__Your task__: From the records below, please print only the lines from the one containing "Купить Портативная Bluetooth" through the one containing "تعبيرًا عن التضامن", both included. Skip the pictures.

__Records for this exercise__:

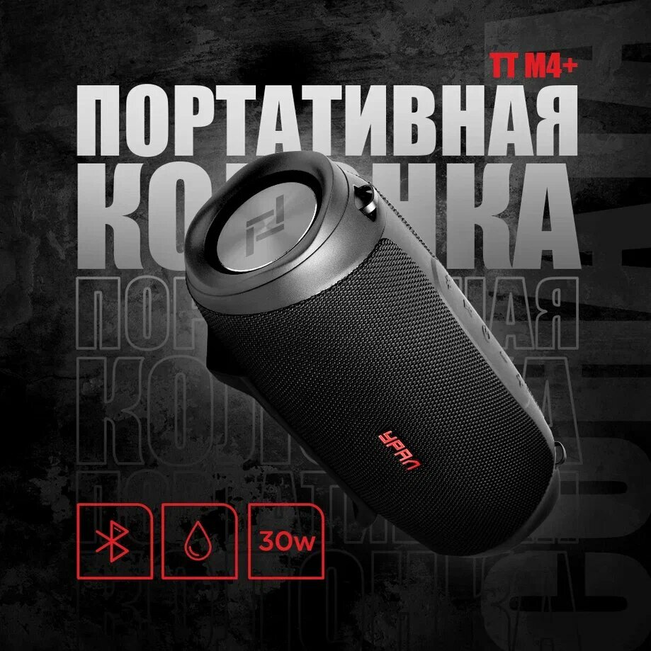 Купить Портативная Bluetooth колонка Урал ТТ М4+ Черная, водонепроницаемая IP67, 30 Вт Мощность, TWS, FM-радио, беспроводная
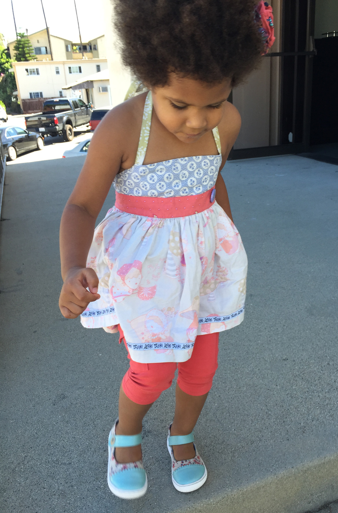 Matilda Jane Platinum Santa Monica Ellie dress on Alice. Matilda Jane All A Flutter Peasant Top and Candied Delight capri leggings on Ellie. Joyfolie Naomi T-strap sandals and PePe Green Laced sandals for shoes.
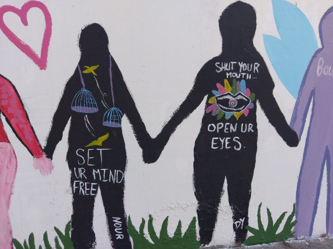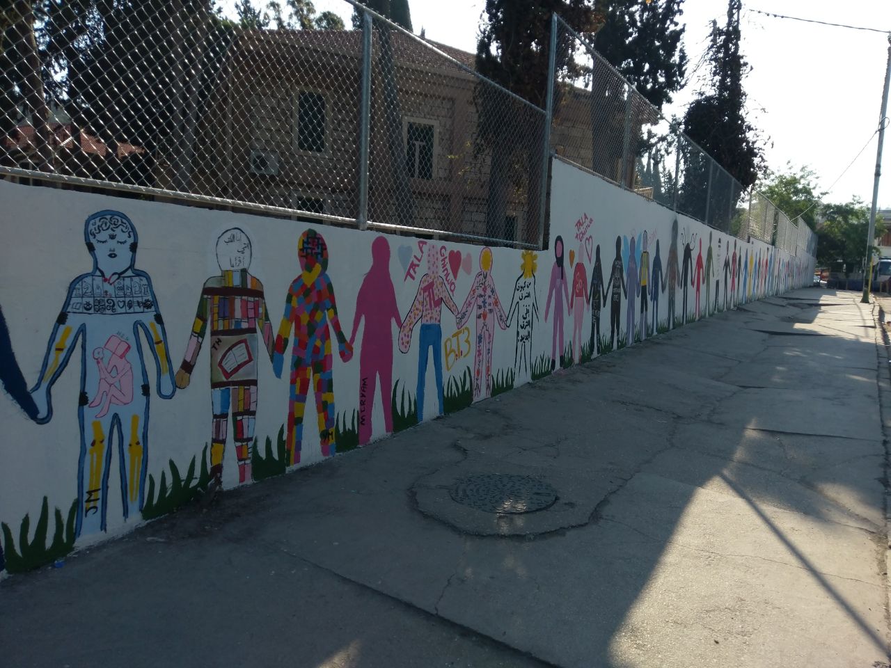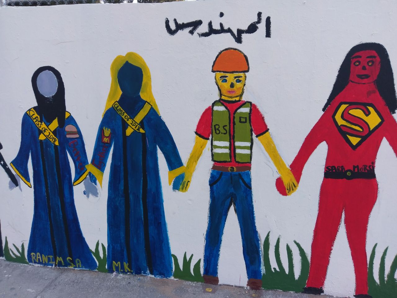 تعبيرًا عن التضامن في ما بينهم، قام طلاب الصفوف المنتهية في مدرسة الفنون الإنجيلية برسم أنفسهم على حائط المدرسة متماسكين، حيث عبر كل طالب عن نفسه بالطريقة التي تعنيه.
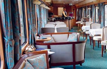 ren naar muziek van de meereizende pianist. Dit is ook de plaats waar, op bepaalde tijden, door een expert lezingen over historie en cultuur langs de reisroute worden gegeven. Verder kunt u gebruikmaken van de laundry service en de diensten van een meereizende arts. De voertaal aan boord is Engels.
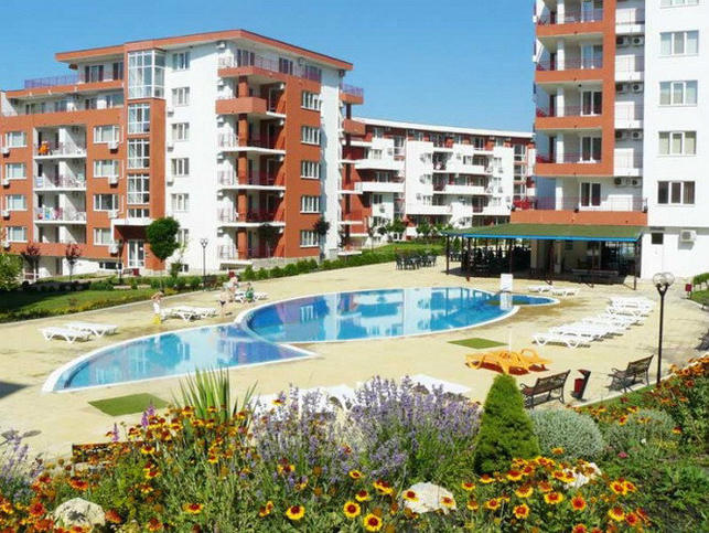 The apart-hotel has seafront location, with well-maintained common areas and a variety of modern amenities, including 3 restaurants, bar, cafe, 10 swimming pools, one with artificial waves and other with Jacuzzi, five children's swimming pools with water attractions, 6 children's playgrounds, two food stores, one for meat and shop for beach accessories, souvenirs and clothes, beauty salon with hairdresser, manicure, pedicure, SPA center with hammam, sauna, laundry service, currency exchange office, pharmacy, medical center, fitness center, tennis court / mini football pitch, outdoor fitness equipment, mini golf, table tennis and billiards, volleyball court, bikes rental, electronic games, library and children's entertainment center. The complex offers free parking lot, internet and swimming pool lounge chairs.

==

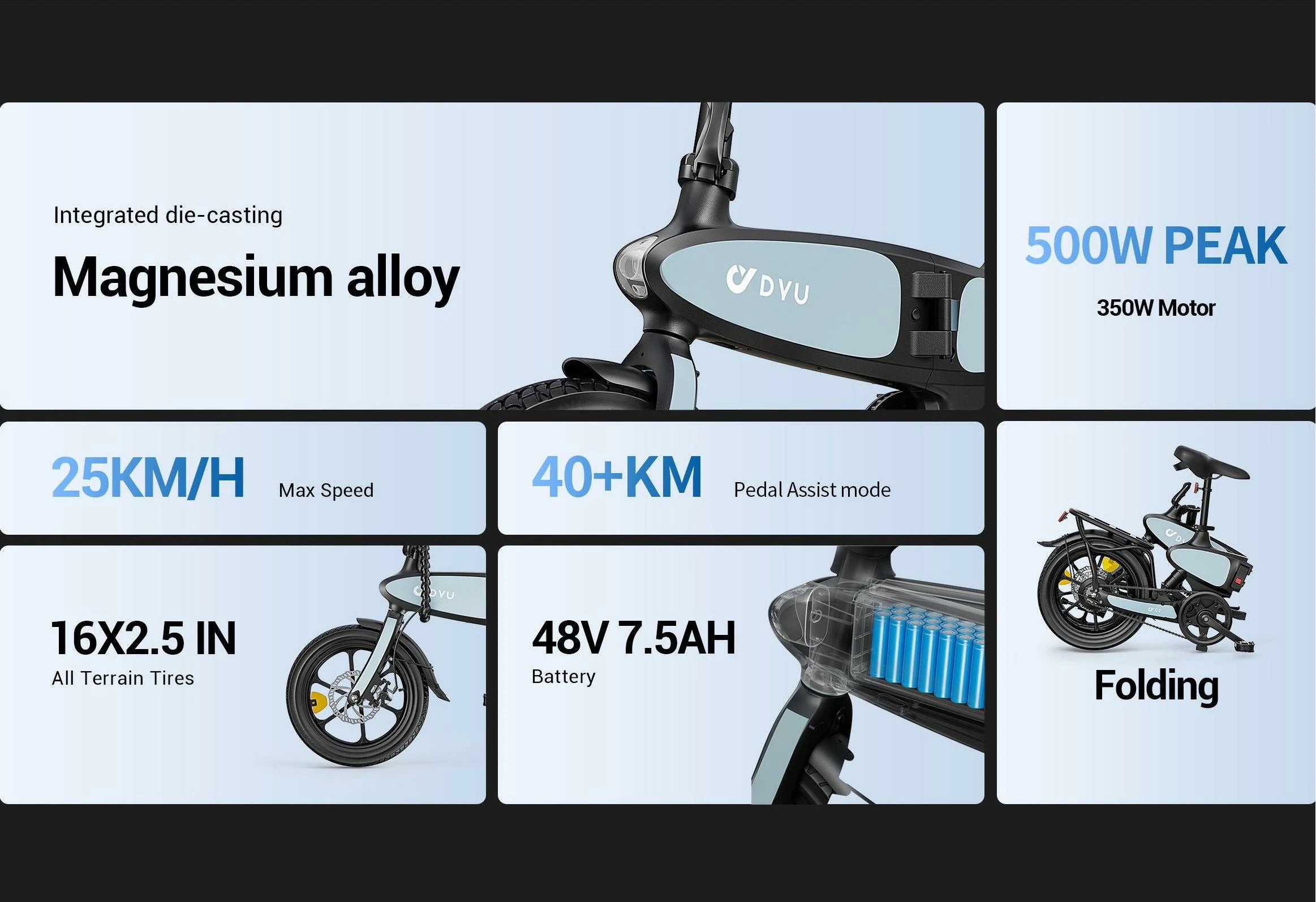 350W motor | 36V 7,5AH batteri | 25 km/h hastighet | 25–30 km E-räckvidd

* * *

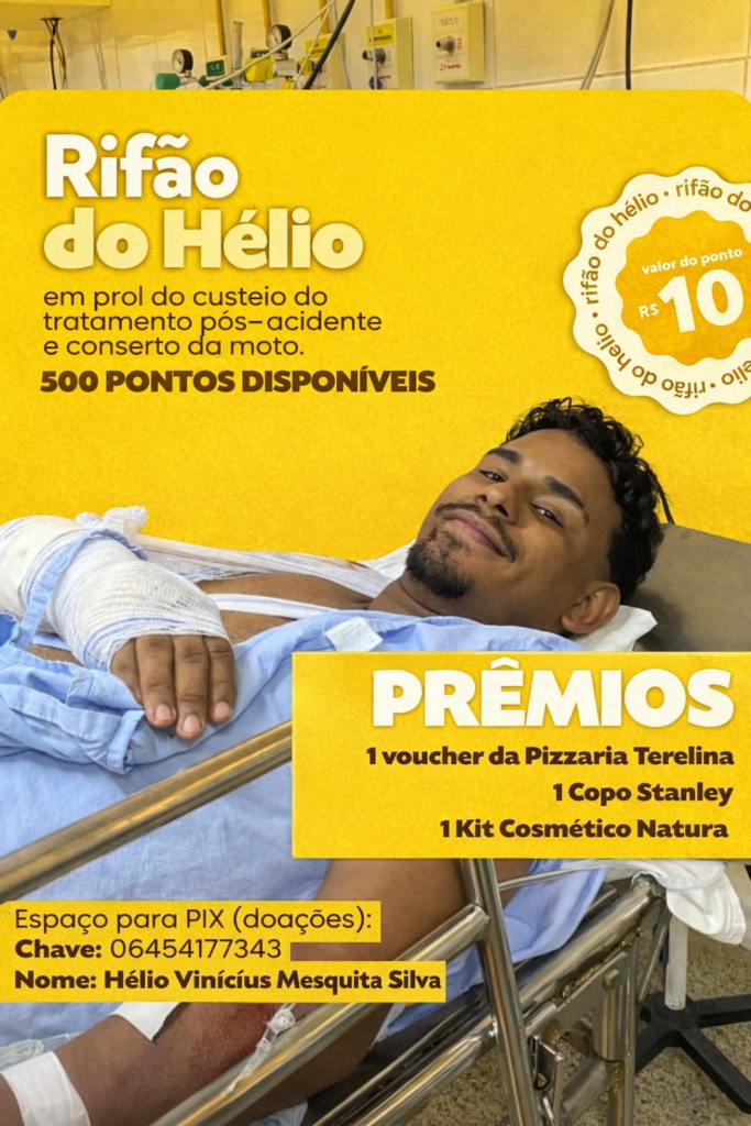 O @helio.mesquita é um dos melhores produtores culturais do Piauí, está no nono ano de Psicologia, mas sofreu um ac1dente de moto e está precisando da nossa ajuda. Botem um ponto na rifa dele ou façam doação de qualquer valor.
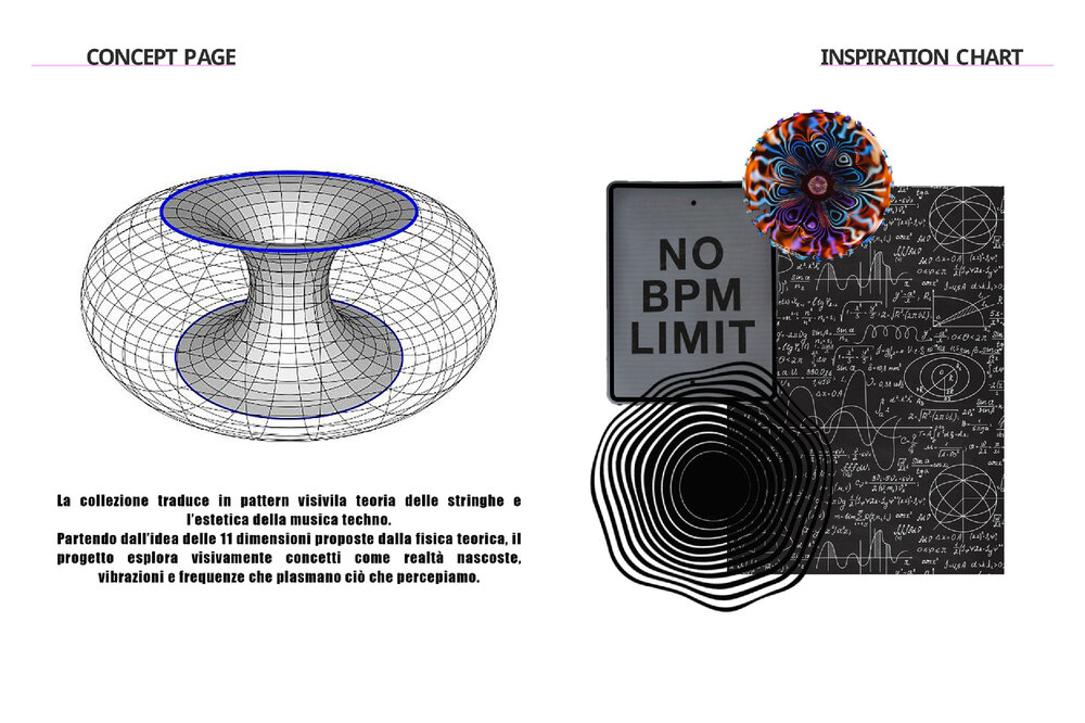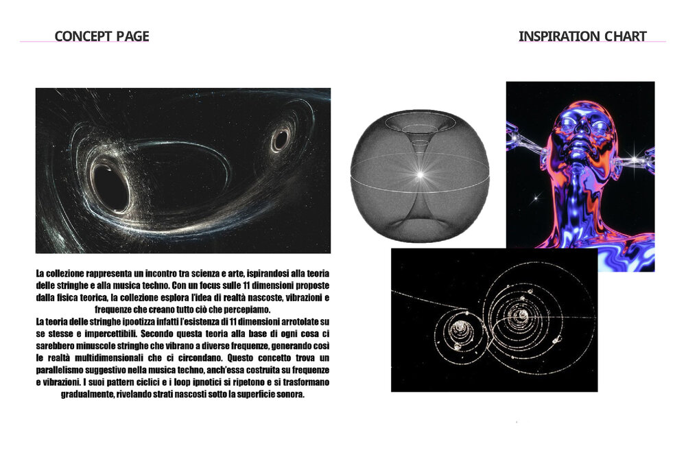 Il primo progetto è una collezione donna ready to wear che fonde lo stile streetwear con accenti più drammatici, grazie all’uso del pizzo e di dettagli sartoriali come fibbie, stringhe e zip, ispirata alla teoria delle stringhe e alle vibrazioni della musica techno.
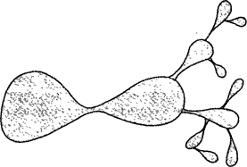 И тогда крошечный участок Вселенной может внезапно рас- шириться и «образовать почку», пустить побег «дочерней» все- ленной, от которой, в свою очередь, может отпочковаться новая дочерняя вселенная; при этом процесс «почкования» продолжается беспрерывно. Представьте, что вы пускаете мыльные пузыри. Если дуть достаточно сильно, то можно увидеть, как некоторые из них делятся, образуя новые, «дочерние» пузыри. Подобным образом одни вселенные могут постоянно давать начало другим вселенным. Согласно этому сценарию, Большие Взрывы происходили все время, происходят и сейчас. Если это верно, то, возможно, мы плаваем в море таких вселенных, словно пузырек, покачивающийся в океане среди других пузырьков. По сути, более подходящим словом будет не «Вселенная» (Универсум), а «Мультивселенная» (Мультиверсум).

__Result below__:
 Купить Портативная Bluetooth колонка Урал ТТ М4+ Черная, водонепроницаемая IP67, 30 Вт Мощность, TWS, FM-радио, беспроводная
 Matilda Jane Platinum Santa Monica Ellie dress on Alice. Matilda Jane All A Flutter Peasant Top and Candied Delight capri leggings on Ellie. Joyfolie Naomi T-strap sandals and PePe Green Laced sandals for shoes.
 تعبيرًا عن التضامن في ما بينهم، قام طلاب الصفوف المنتهية في مدرسة الفنون الإنجيلية برسم أنفسهم على حائط المدرسة متماسكين، حيث عبر كل طالب عن نفسه بالطريقة التي تعنيه.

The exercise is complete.